- WHAT YOU WILL DO
Transcribe, word for word, every line from the one containing "Красочная абстрактная структура, созданная" through the final line of the records, and omit the pictures.

════

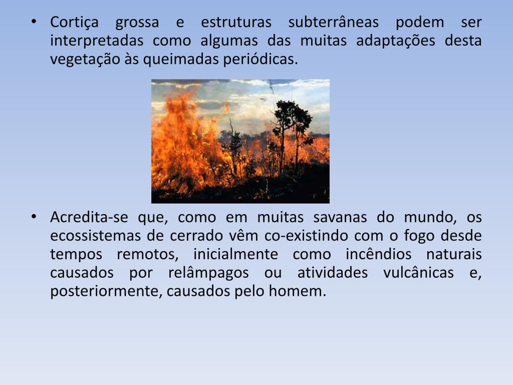 Cortiça grossa e estruturas subterrâneas podem ser interpretadas como algumas das muitas adaptações desta vegetação às queimadas periódicas. • Acredita-se que, como em muitas savanas do mundo, os ecossistemas de cerrado vêm co-existindo com o fogo desde tempos remotos, inicialmente como incêndios naturais causados por relâmpagos ou atividades vulcânicas e, posteriormente, causados pelo homem.
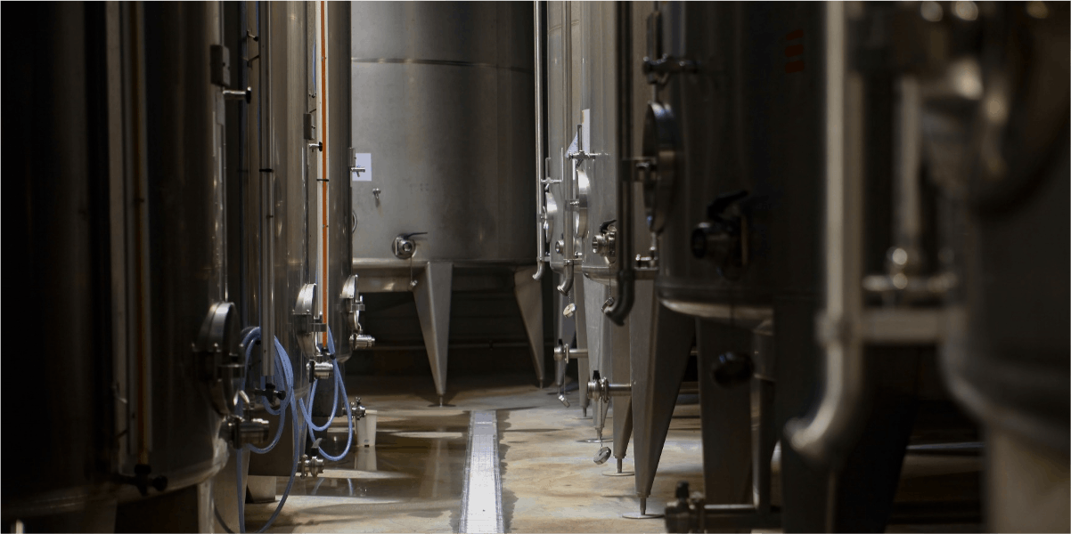 Bienvenue dans notre cuverie froide ! Et elle porte bien son nom car sa température n’excède jamais 5 degrés. Installée en 2017, notre nouvelle cuverie froide compte 26 cuves principalement en inox et peuvent contenir jusqu’à 7 000 hectolitres ! Le contrôle de la température permet un meilleur contrôle de la fermentation et d’éviter ainsi que le cidre parte en vinaigre !
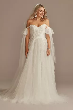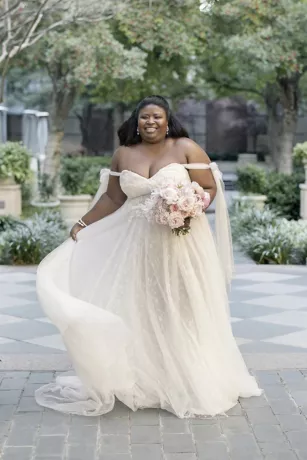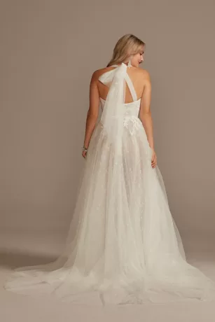 This hand-draped tulle wedding dress offers multiple gown looks in one, the long tulle straps at the bodice can be tied off-the-shoulder or into a halter. The floating tulle-and-lace skirt reveals a powermesh bodysuit beneath, creating a super sexy bridal style. Complete with sparkling lace appliques.
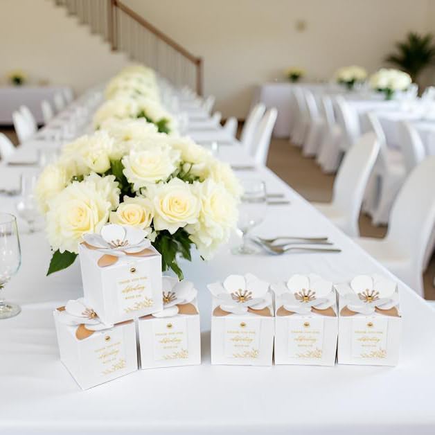 - 【Premium Material 】: 3.55x3.55x3.55 inches party favor boxes. Crafted from 350g thickness paper, durable sturdiness. With floral decor and gold foil white thank you tags, saving shopping time and designed exquisitely
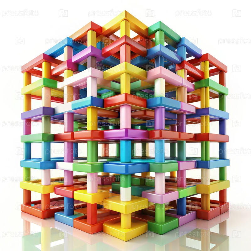 Красочная абстрактная структура, созданная с помощью слоистых блоков на белом фоне
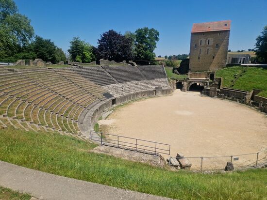 Hinterher fahren wir noch nach Avenches, wo wir die schöne Altstadt und die sehenswerten Reste der römischen Siedlung erkunden. Aventicum war die Hauptstadt der römischen Provinz Helvetia. Auf der Terasse des Ferienhauses gibt es dann Kaffee, Kuchen, Joghurt und Kirschen.
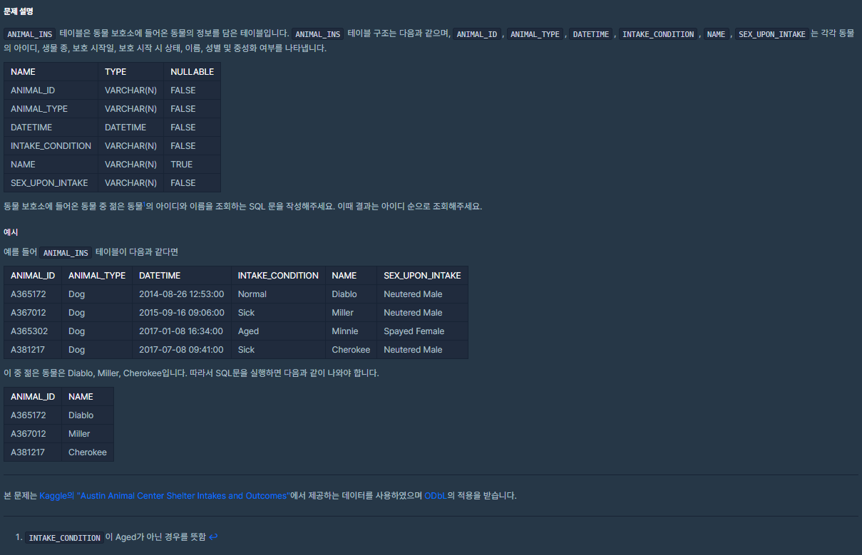 ANIMAL_INS 테이블은 동물 보호소에 들어온 동물의 정보를 담은 테이블입니다. ANIMAL_INS 테이블 구조는 다음과 같으며, ANIMAL_ID, ANIMAL_TYPE, DATETIME, INTAKE_CONDITION, NAME, SEX_UPON_INTAKE는 각각 동물의 아이디

════

- RESPONSE BELOW
 Красочная абстрактная структура, созданная с помощью слоистых блоков на белом фоне
 Hinterher fahren wir noch nach Avenches, wo wir die schöne Altstadt und die sehenswerten Reste der römischen Siedlung erkunden. Aventicum war die Hauptstadt der römischen Provinz Helvetia. Auf der Terasse des Ferienhauses gibt es dann Kaffee, Kuchen, Joghurt und Kirschen.
 ANIMAL_INS 테이블은 동물 보호소에 들어온 동물의 정보를 담은 테이블입니다. ANIMAL_INS 테이블 구조는 다음과 같으며, ANIMAL_ID, ANIMAL_TYPE, DATETIME, INTAKE_CONDITION, NAME, SEX_UPON_INTAKE는 각각 동물의 아이디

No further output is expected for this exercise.